The first couple of days were pretty standard fare. Noah was on his 8:15 a.m. to to 2:10 p.m. school shift. Nellie had one morning of pre-school starting at 8:45 a.m. I picked her up early for a medical appointment.

Both evenings there were commitments. Night one was Beavers. A family friend helped out by taking Noah there and back. Night two was an open house math extravaganza at Noah’s school. The three kids and I went and had a great time playing with numbers and eating ice cream. All three were tucked into bed much later than usual.

All this to say that it is a daunting and humbling challenge to step into maman‘s shoes. I’m keeping my head above water – meals made, kids dressed, stories read, taxi service on time and lots of hugs, cuddles and love but, and it’s a big one, I’m finding it difficult to to make the time for playing and playfulness. About the best I’ve done so far is making faces and singing while serving the kids their meals. There have been some smiles and a couple of chuckles at these slapstick antics but they are certainly not in the hilarity zone.

Fortunately, kids play independently. Some argue that this is when they put their best foot forward. I see this on a regular basis. Some highlights in the last few days in the we are inventive department are a beaver dam built at the foot of the stairs using toys, cushions and bric à brac, a snowman made of wooden train tracks and the tons and tons of playful fun during our outing to the local science centre that included ferry rides and a playground pit stop.

Try as I might, I’ve been unable to tame the domestic bliss monster. Laundry needs to be done, toys need to be picked up, dishes washed, floors swept, car filled up, groceries bought. There’s a lot from this list that I will be trying to cram into the last 24 hours.

I know it’s possible to do all these things and play too because Mélanie manages to do it day in and day out. There are always new crafts awaiting me when I get home from work and the retelling of adventures with maman. Since I’ve been in charge, I haven’t picked up crayons, glue or scissors unless they’ve been rolling around on the floor.
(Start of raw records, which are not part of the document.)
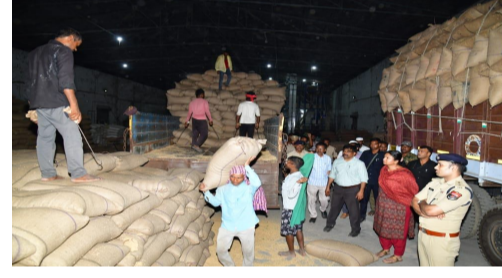
వేములవాడ రూరల్, బోయినపల్లి, మే - నేటి ప్రభాత దర్శిని ప్రతినిధి కలెక్టర్ నుంచి సేకరించిన ధాన్యం ఎప్పటికప్పుడు మిల్లులు.
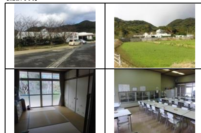
【過去5年以内に実施した工事の内容】 (単位:千円)
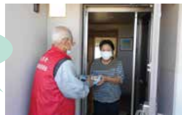
見守り声かけ訪問
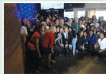
Dia da Secretária
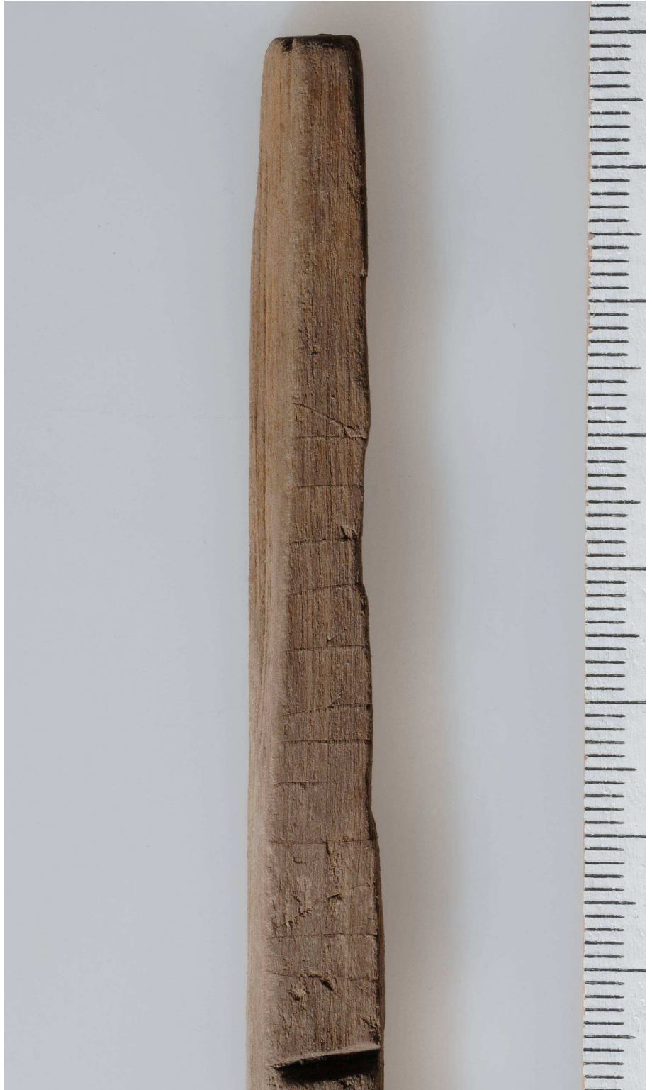
Fig. 3. Detalj av inskriften på sida A. Foto Gabriel Hildebrand/SHM 2011.
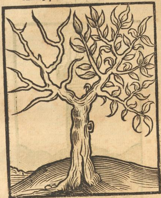
CAPVT VICESIMVM Q VINTVM.

ARBOR TVRCORVM CVM Q VINDECIM ramis, quorum medietas est arida.
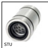
STU Boccola a sfere lineare e rotativa, Acciaio
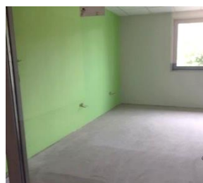
Plateau technique couleur verte
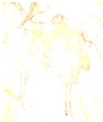
Bisonte: grutas de Lascaux
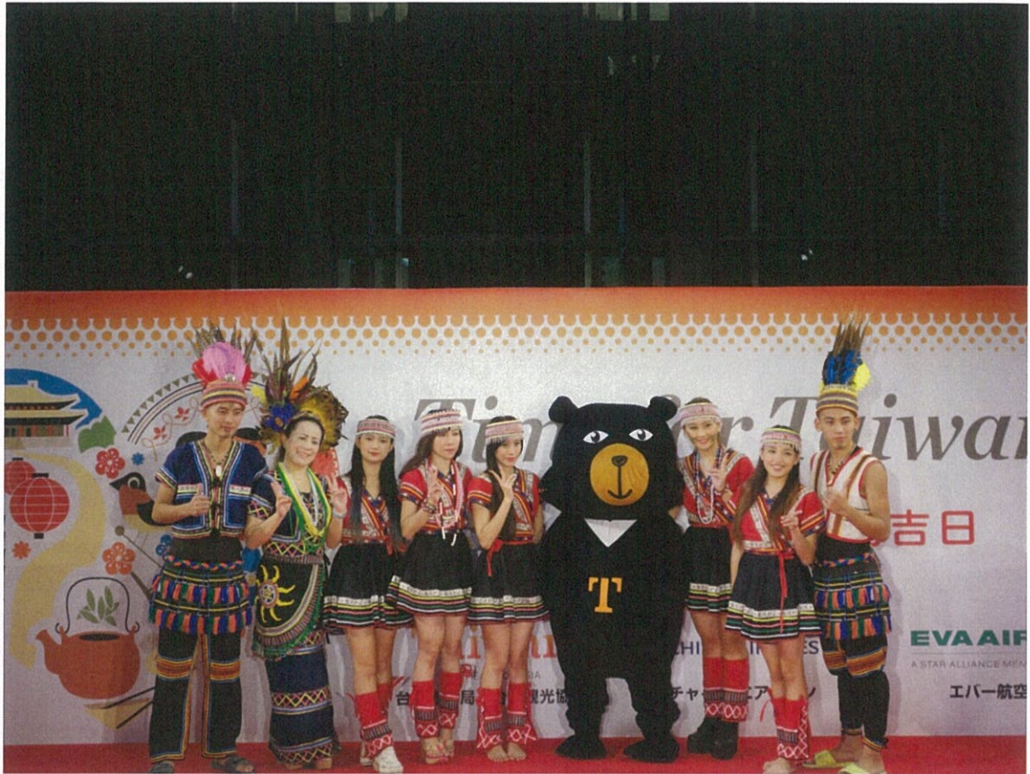
酋長文化村團員與本局超級任務組喔熊組長合影
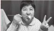
年越しのお寿司おいしい~! ~ホームでのんびり過ごす方~
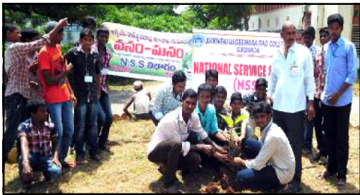
Our college NSS Volunteers plantaion in our college in Vanam-Manam programme
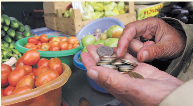
НА ФОТО: ПРОСТЫЕ ПРОДУКТЫ ПО ЦЕНЕ ДЕЛИКАТЕСОВ
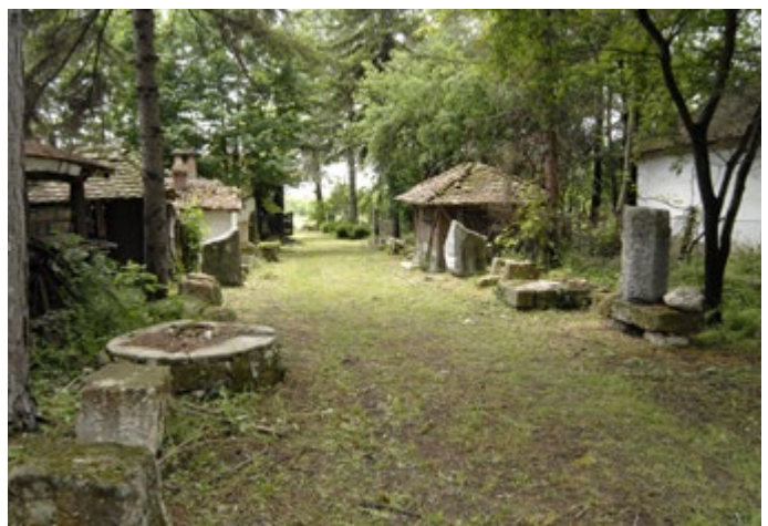
Сл. 6 / Стаза са вајалима и скулптурама
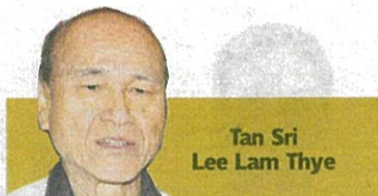
Tan Sri Lee Lam Thye

Thanks to twitter friend Megan Rosker, I came across one family’s journey into creating more play time with their children. You can read about their voyage of discovery in A Year of Living Playfully. That playful year with the objective of – one hour a day, for one year, making make-believe a priority – is just coming up for a wrap.
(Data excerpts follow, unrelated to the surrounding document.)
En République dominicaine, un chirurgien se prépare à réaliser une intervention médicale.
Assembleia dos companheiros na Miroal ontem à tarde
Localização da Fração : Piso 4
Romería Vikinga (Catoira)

I will need to plan the play quotient in advance for my next solo to make sure that time doesn’t keep on slippin’ away. The kids aren’t bereft, they’re just used to a larger play palette and a longer play duration when both maman and papa are in the house.
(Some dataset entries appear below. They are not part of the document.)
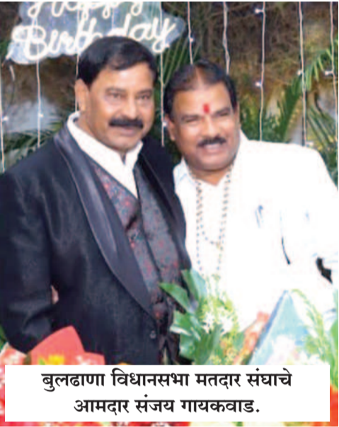
बुलढाणा विधानसभा मतदार संघाचे आमदार संजय गायकवाड.
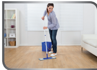
mop the floor
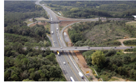
Échangeur n°7 (Ondres) avant travaux.

La fermeture d'une bretelle de l'échangeur n°7 est programmée la nuit du 25 février 2019 pour permettre des travaux de réparation de chaussées.
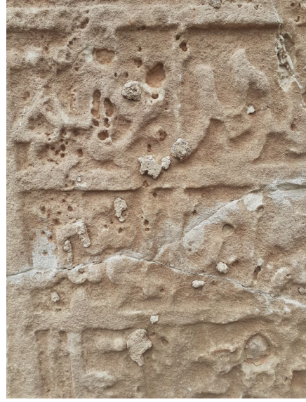
Fig. 3. Kitabe Üzerindeki Tahribat ve Kireç Tabakaları (M. Demir)
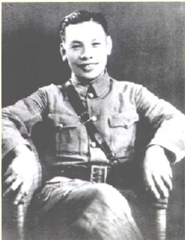
在赣南推行新政的蒋经国
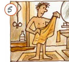
Ech dréchné mech of.
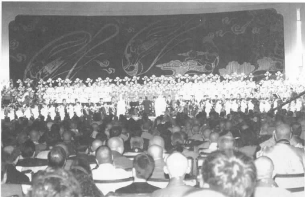
盛大的开幕演出《妙音颂吉祥》

3月29日下午5时许,论坛主办方还在梵宫圣坛上演了一场大型佛教音乐史诗古装情景剧《吉祥颂》。当大众就座后,全场灯光一时熄灭,四壁轰然转动,白色荧幕缓缓露出,《佛所行赞》经卷的影像也随之在荧幕上显示展开,演出开始。这部情景剧结合灵山梵宫先进的空间成像系统、变幻多端的灯光设备以及旋转移动的舞台,给现场观众带来了震撼的视听享受。在近一小时的演出时间里,在场的1000多名观众和近800名演员一起见证了这部作品的不凡气度。演出共分成大千世界、王宫内外、雨夜沉思、佛颂等八个单元,再现了两千五百多年前古印度迦毗罗卫国悉达多太子舍王位出家修道,最后于菩提树下觉悟成佛的历史故事。随着剧情的变化,全场时时响起热烈的掌声。吉祥生自觉悟,而觉悟缘自对生死、对苦乐的体察与反思。佛陀希冀为世人寻求解脱大道,而了悟只有深入内心世界,才能正见诸法之实相。《吉祥颂》中的这条觉悟之路走得无比的决绝和艰辛,却又走得无比的真诚与华丽。270度可开合旋转的立体舞台,数十米高
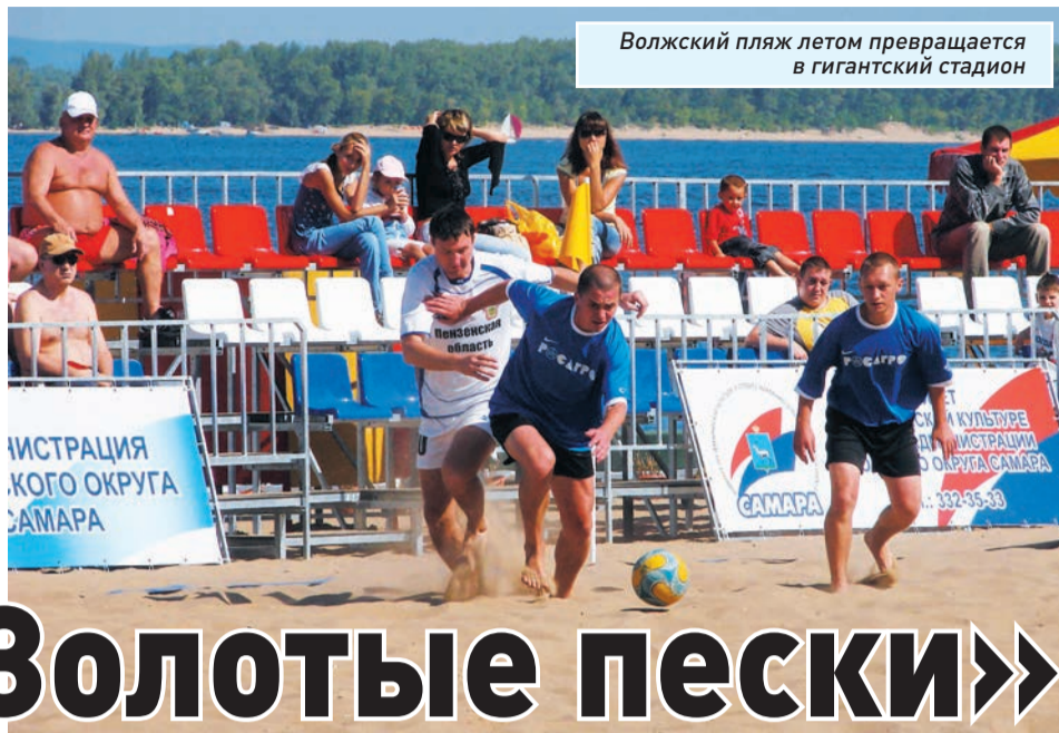
Волжский пляж летом превращается в гигантский стадион

Словом, уже скоро Ассоциация громко заявит о себе. Чем завлечь и развлечь гостей и туристов грядущего мундиала? На помощь придут «Золотые пески Самары»!

There’s one sleep to go and our three babies are looking forward to maman‘s return. It will be a wonderful homecoming with much kissing, hugging and loving (with any luck, I’ll get some of that too). I’m sure the kids will recount some silly papa stories of where I wandered off the beaten path, where I might have lost my way momentarily in the fine art of parenting.

All in all we haven’t done too badly the last few days. There have been no unscheduled hospital visits. There is only one new visible scar (did not require any medical attention). Hopefully there will be no change in status to report after the skateboarding and tricycle expedition later today. Although the kids received daily TV opiates, there were no overdoses. We received one invitation out to friends for supper and had a great time. This visit was also memorable for Nellie’s spontaneous, surround sound entertainment – the loudest, supersonic burp ever to belch forth from a three-year-old that set the house rocking with laughter.

So like I said, room for improvement particularly in the play department but overall not too bad. Biggest lesson – you can’t make more time so don’t let it slip away. Today’s must dos are skateboarding and tricycling – outdoors in the brisk March air. Here’s how it’s tallying up at the beginning of Day 4.

Hats off to you Mélanie. These meanderings and musings are really a paean to you and all those other moms and dads at home and single parents who have so much to juggle yet still make the time to bring the magic of play into their kids’ lives each and every day. Thanks for all the hard work, fun play and joyful smiles that meet me at the end of the day.